# Woolworth Ice Box Cheesecake



## Country Bumpkins (Feb 18, 2011)

http://easyrecipesly.com/the-famous-woolworth-ice-box-cheesecake/


----------



## RookieRetiree (Jan 27, 2011)

If you can find Milnot milk (same aisle-same shelf), it's even better!


----------



## krestiekrew (Aug 24, 2012)

Walk down memory lane, thanks


----------



## Butterfly1943 (May 26, 2011)

Looked at some of the other recipes and copied them to try.


----------



## Lynnjmontana (Jun 14, 2011)

Thanks. I miss Woolworth's. Lots of memories.


----------



## bundyanne07 (Aug 24, 2014)

Thank you for posting this recipe. 
I have all the ingredients in my pantry so will make it tomorrow as I just love cheesecake.


----------



## RookieRetiree (Jan 27, 2011)

bundyanne07 said:


> Thank you for posting this recipe.
> I have all the ingredients in my pantry so will make it tomorrow as I just love cheesecake.


This has a frothy consistency that makes it lighter.


----------



## glendajean (Nov 1, 2012)

Remember this desert from childhood. I make it now from my grandmother's recipe, but she didn't use the cream cheese. I think this would add more substance (and calories) and plan to try it. I also use only fresh squeezed lemon. I've tried the bottled juice but it doesn't cut the evaporated milk taste as well. One hint: When the recipe says "Well Chilled" it means in the refrigerator at least overnight.


----------



## Country Bumpkins (Feb 18, 2011)

glendajean said:


> Remember this desert from childhood. I make it now from my grandmother's recipe, but she didn't use the cream cheese. I think this would add more substance (and calories) and plan to try it. One hint: When the recipe says "Well Chilled" it means in the refrigerator at least overnight.


Can you share your grandmother's recipe? I am thinking I want to try the Woolworth one with lime jello.


----------



## glendajean (Nov 1, 2012)

The night before put the Pet milk in the refrigerator.

Lemon Fluff
Ingredients :
1 lg. can Pet milk, chilled
1 (3 oz.) pkg. lemon gelatin
1 1/3 c. boiling water
1 c. sugar
1/4 c. fresh squeezed lemon juice
1 sleeve Graham Crackers, crushed
Preparation :
Dissolve gelatin in water.
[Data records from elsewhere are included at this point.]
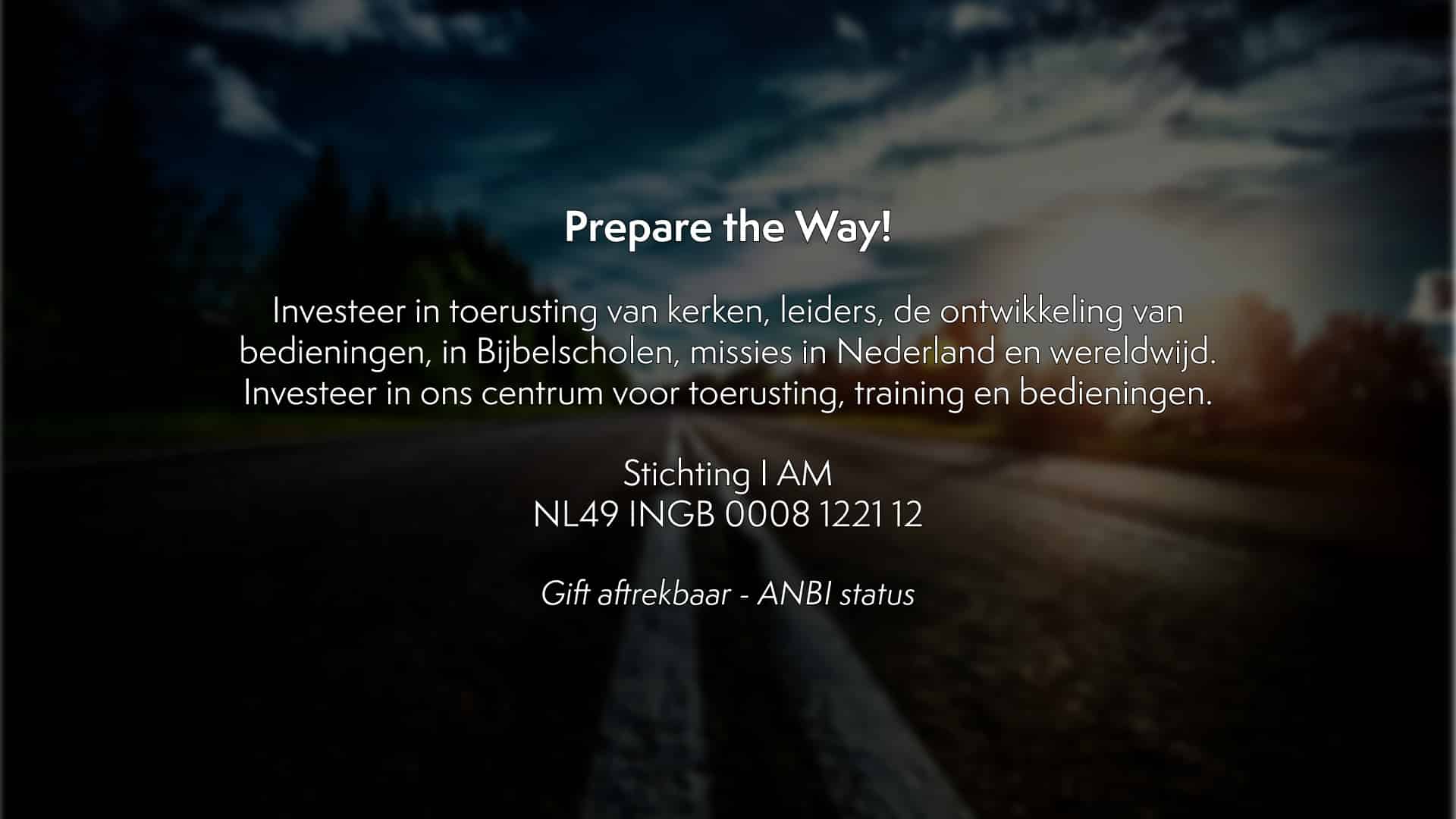 Prepare the Way - Helpt u ons mee? God heeft een geweldige opening gegeven voor een plek waar vanuit bedieningen kunnen opgroeien, ontwikkelen, werken, thuiskomen en uitgezonden worden. Een plaats [...]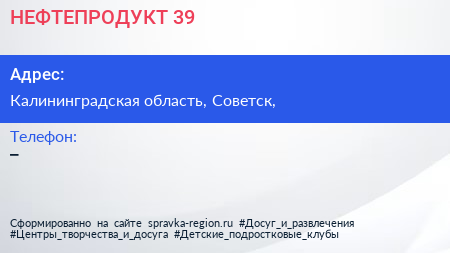 НЕФТЕПРОДУКТ 39 по адресу Калининградская область, Советск, в дальнейшем Организация, размещена в следующих категориях:
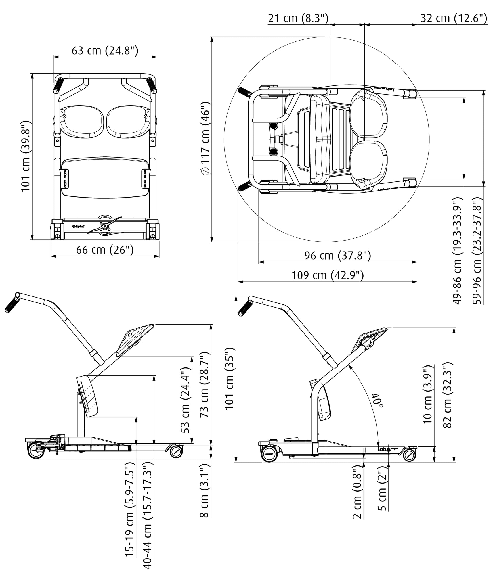 The Lotus Compact is designed for users with an average height between 1.35 m / 53 inch and 1.70 m / 67 inch.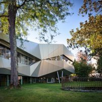 Alles nur Show – dafür eine, die sich sehen lassen kann: Gefaltete Fassaden können dann eine interessante Lösung sein, wenn brav montierte und glatt-glänzende Aluminiumpaneele dem Auftraggeber zu langweilig, eine aufregende Konstruktion aber zu teuer ist. So auch im südwestfranzösischen Bayonne. Hier hat das Pariser Büro Gardera-D Architectures für den Erweiterungsbau der „Agglomeration Côte Basque Adour ACBA“ – einer staatlichen Organisation für politische und wirtschaftliche Entwicklung des lokalen Wohnungsmarktes – eine auffällige Fassade mit Falten entworfen.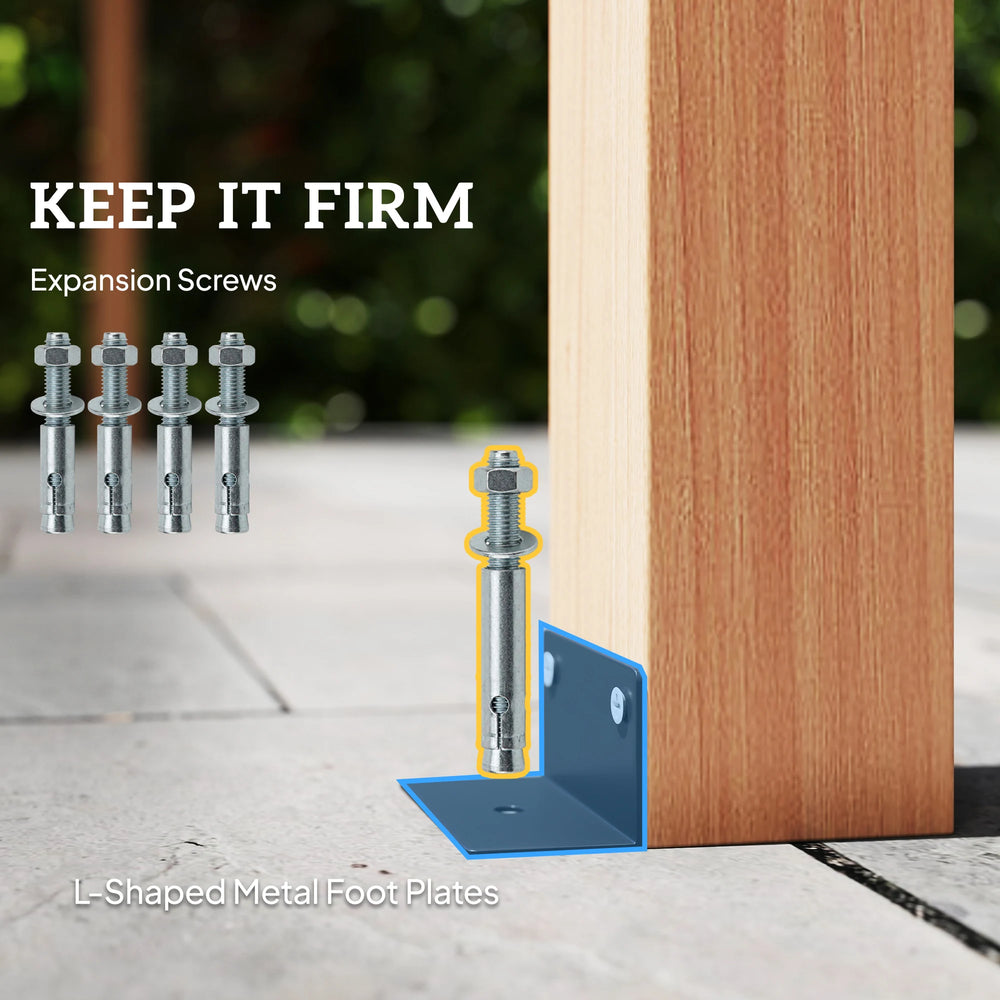 - Added stability: Equipped with four L-shaped metal foot plates and expansion screws for secure fixing to hard surfaces, this wooden pergola offers reliable stability and stays firmly in place even in up to level 7 winds for outdoor gatherings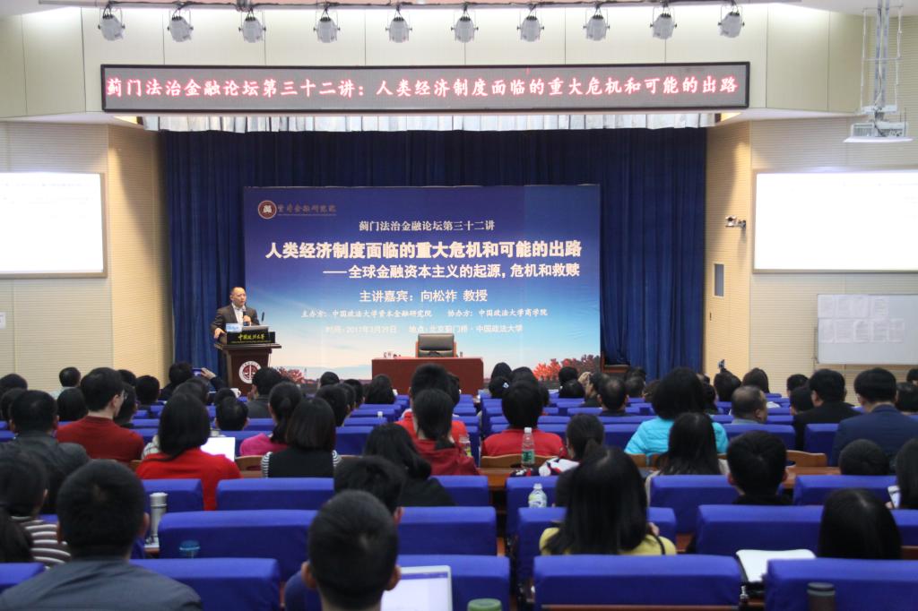 向松祚教授学识渊博,其著作《新资本论》在学界引起了巨大反响。整个演讲,面对全球金融资本主义这一非常前沿和深刻的话题,围绕起源梳理、危机分析和救赎方案,从现象到本质,从制度到理论,旁征博引,鞭辟入里,既有全球视野,又兼家国情怀,报告厅里不时传出热烈鼓掌声。对于法大师生来说,这是一次思想震撼教育,是对国际学术前沿的触摸,更是一次难得的思想盛宴。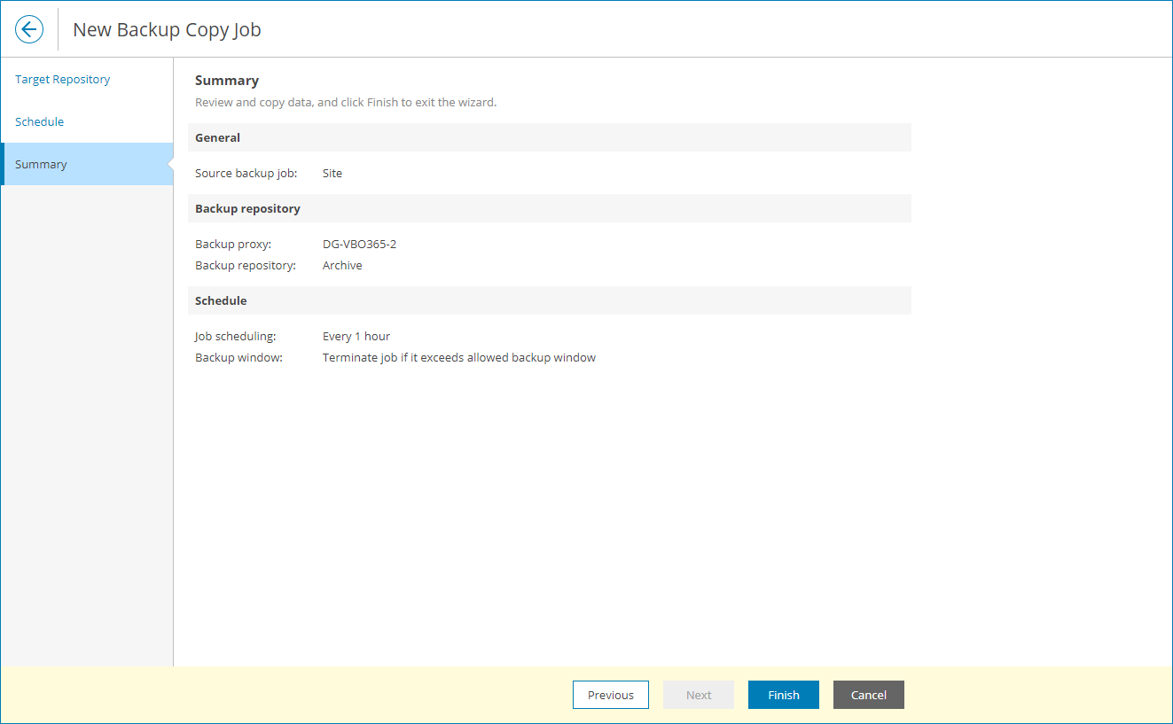 This is an archive version of the document. To get the most up-to-date information, see the current version. Step 4. Review Backup Copy Job Settings At the Summary step of the wizard, review the configured backup copy job settings and click Finish.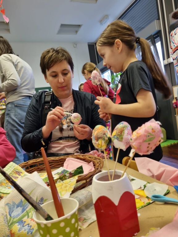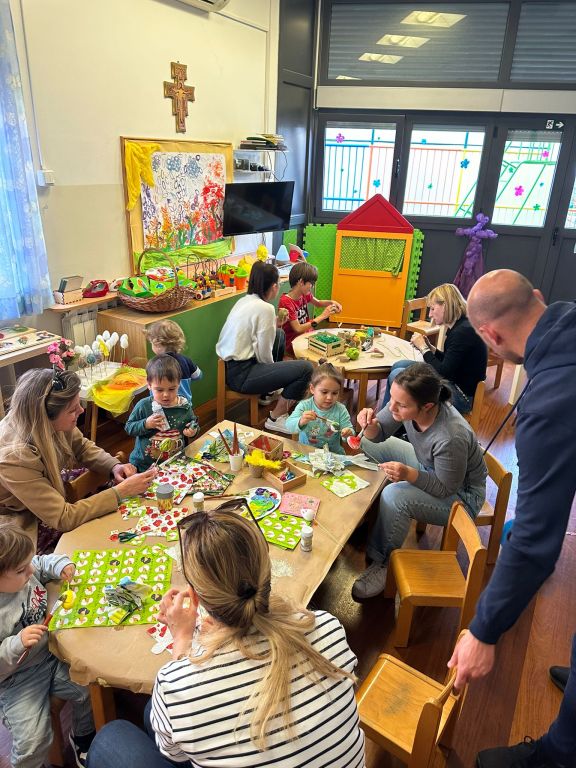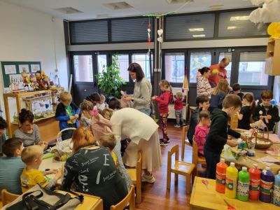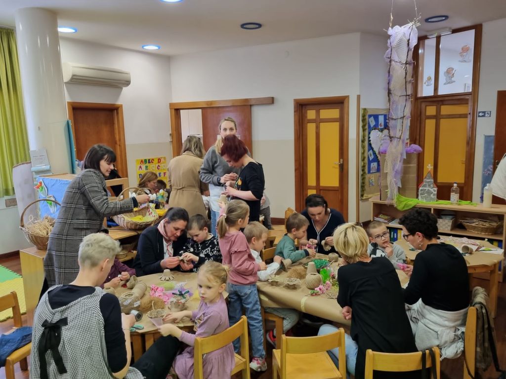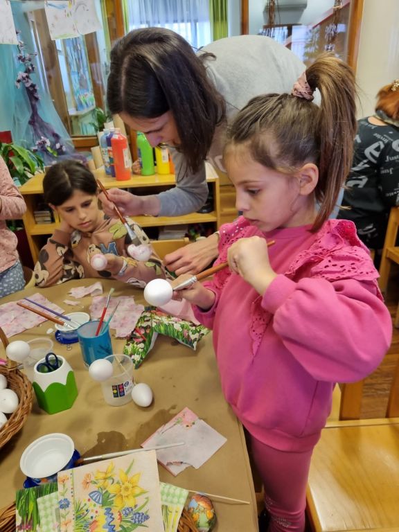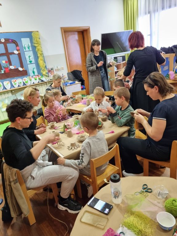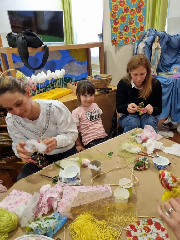 Humanitarno-kreativna radionica uz izradu „uskrsnih“ dekoracija protekla je u ugodnom druženju djece, roditelja i odgojitelja. „Kupovanjem“ uskrsnih ukrasa roditelji su donirali novčana sredstva. Zbog velikog interesa da akcija traje i u Velikom tjednu prikupljena novčana sredstva biti će uplaćena na račun udruge Marijini obroci u Zagrebačkoj banci. Kroz radionice i druženja približavamo obitelj vrtiću i vrtić obitelji, znajući da je obitelj najprirodnije okruženje djeteta i da ima najveću ulogu u procesu dječjeg razvoja.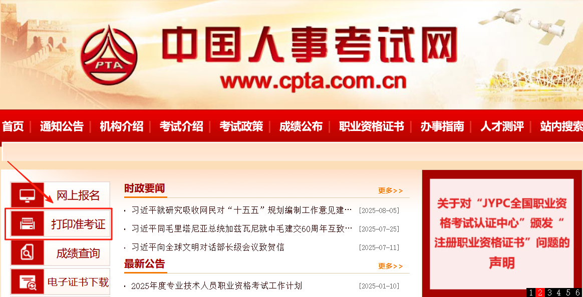 第一步:进入中国人事考试网,点击左侧“打印准考证”按钮。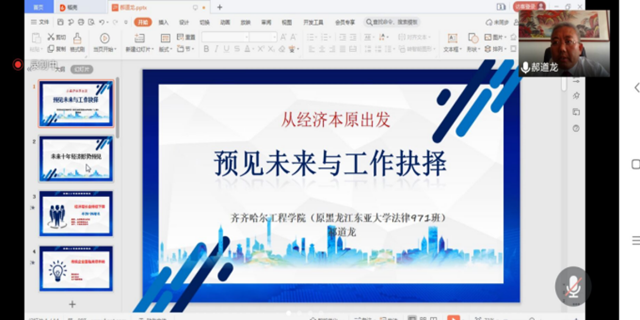 2000届法律专业校友、内蒙古木森水淼生态治理有限公司总经理嘉宾郝道龙以《预见未来与工作抉择》为题,对未来十年经济形势分析预见,谈了未来十年工作和创业抉择的思路,科技类企业、资源竞争、服务类行业、乡村振兴有强劲发展,为学弟学妹择业提供借鉴。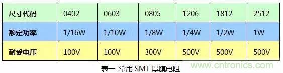 同樣,耐壓值選擇不合適的情況下,也會(huì)因?yàn)殡娮璞粨舸┒鴮?dǎo)致系統(tǒng)設(shè)計(jì)的失敗。舉個(gè)例子:AC-DC開關(guān)電源模塊在設(shè)計(jì)的輸入前端,根據(jù)安規(guī) GB4943.1標(biāo)準(zhǔn)的要求,在保證插頭或連接器斷開后,在輸入端L、N上的滯留電壓在1S之內(nèi)衰減到初始值的37%,因此,在設(shè)計(jì)時(shí)一般會(huì)采用并接一個(gè) 或兩個(gè)MΩ級(jí)阻抗的電阻進(jìn)行能量泄放,而輸入端是高壓,即電阻兩端是要承受高壓的,當(dāng)電阻的耐壓值低壓輸入端高壓的情況下,就會(huì)產(chǎn)生失效。以下表一是常見SMT厚膜電阻的參數(shù),最終選型時(shí)還要和選購器件的廠家核實(shí)。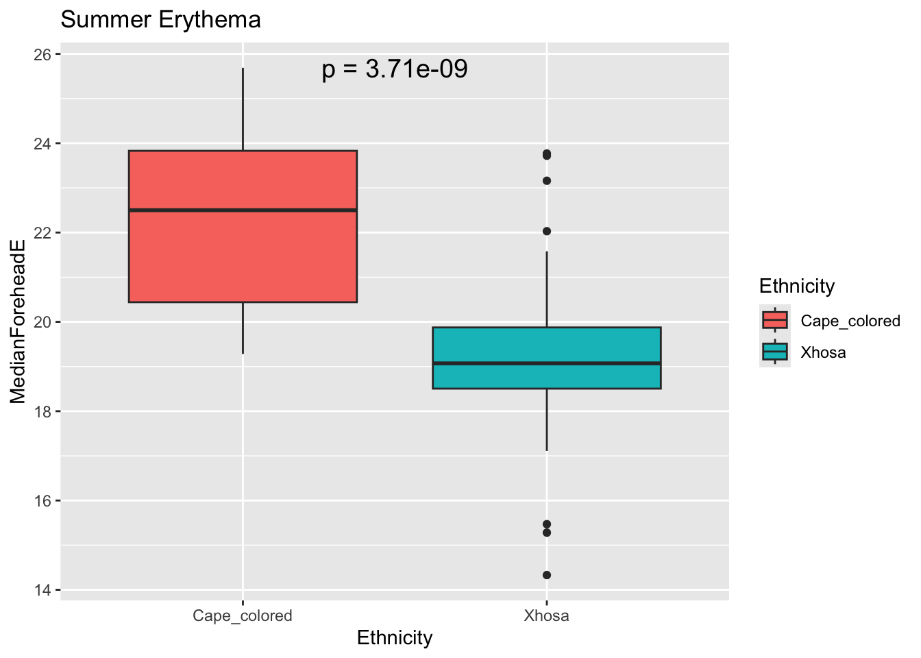 Eresult <- t.test(MedianForeheadE ~ Ethnicity, data = summer_data)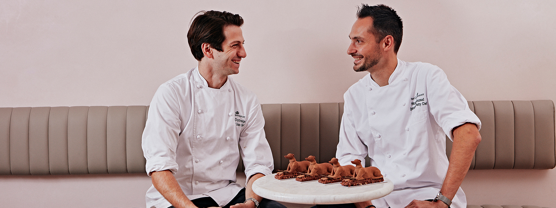 Our much loved Connaught hound which graces the hotel emblem, has been reimagined as a chocolate hazelnut cake. This miniature work of art will be a patisserie signature, available to take away or feast on at the Patisserie.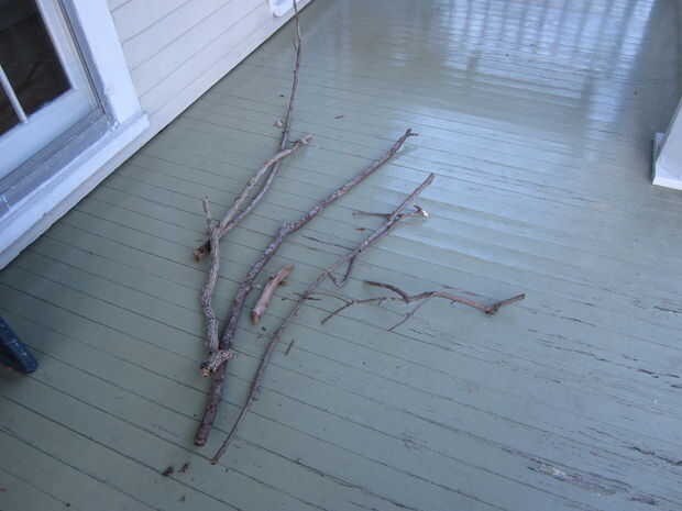 Nos when't en una familia de excursión en el bosque tratando de encontrar una rama de buen tamaño (ya muerta) como el tronco principal del árbol. Este año hemos querido un poco bonsai siente, así que elegimos un "tronco" que tenía un montón de curvas. También recogimos ramas de varios tamaños para sujetar a la rama de "tronco". Nota; Tomé esta foto después de que habíamos empezado a montar, por lo que la rama de "tronco" no está en esta foto.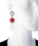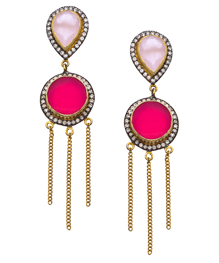 Opulence never goes out of style... only one reason that these gold CZ and smooth druzy chandelier earrings from Meghna Designs are going to claim a treasured place in your personal jewel collection! Teardrop shaped pink stones are linked to smooth, red druzies - each is surrounded by a frame of dazzling CZs. Three chains dangle from the bottom of each hypnotic, red stone. Earrings have a post closure for pierced ears.

Refrigerate until thick like jelly.
Whip milk and refrigerate. Whip gelatin until frothy. Add juice
and sugar; fold milk into gelatin. Line a 13 x 9 inch pan with
crushed Graham Crackers, reserving some for top. 
Add gelatin mixture and sprinkle remaining crumbs on top. 
Refrigerate. Cut into squares and serve cold.


----------



## RookieRetiree (Jan 27, 2011)

http://www.food.com/recipe/milnot-cheesecake-327707

This is the Milnot version. Beater, bowl, etc. should be ice cold before whipping the Milnot


----------



## Country Bumpkins (Feb 18, 2011)

glendajean said:


> The night before put the Pet milk in the refrigerator.
> 
> Lemon Fluff
> Ingredients :
> ...


Thanks!


----------



## Country Bumpkins (Feb 18, 2011)

RookieRetiree said:


> http://www.food.com/recipe/milnot-cheesecake-327707
> 
> This is the Milnot version. Beater, bowl, etc. should be ice cold before whipping the Milnot


I use to use Milnot. I will look for it. Thanks


----------



## retiredwoman (Feb 25, 2014)

thanks, looks good.


----------



## Country Bumpkins (Feb 18, 2011)

RookieRetiree said:


> http://www.food.com/recipe/milnot-cheesecake-327707
> 
> This is the Milnot version. Beater, bowl, etc. should be ice cold before whipping the Milnot


I looked for Milnot but couldn't find it here. I use to use it years ago.


----------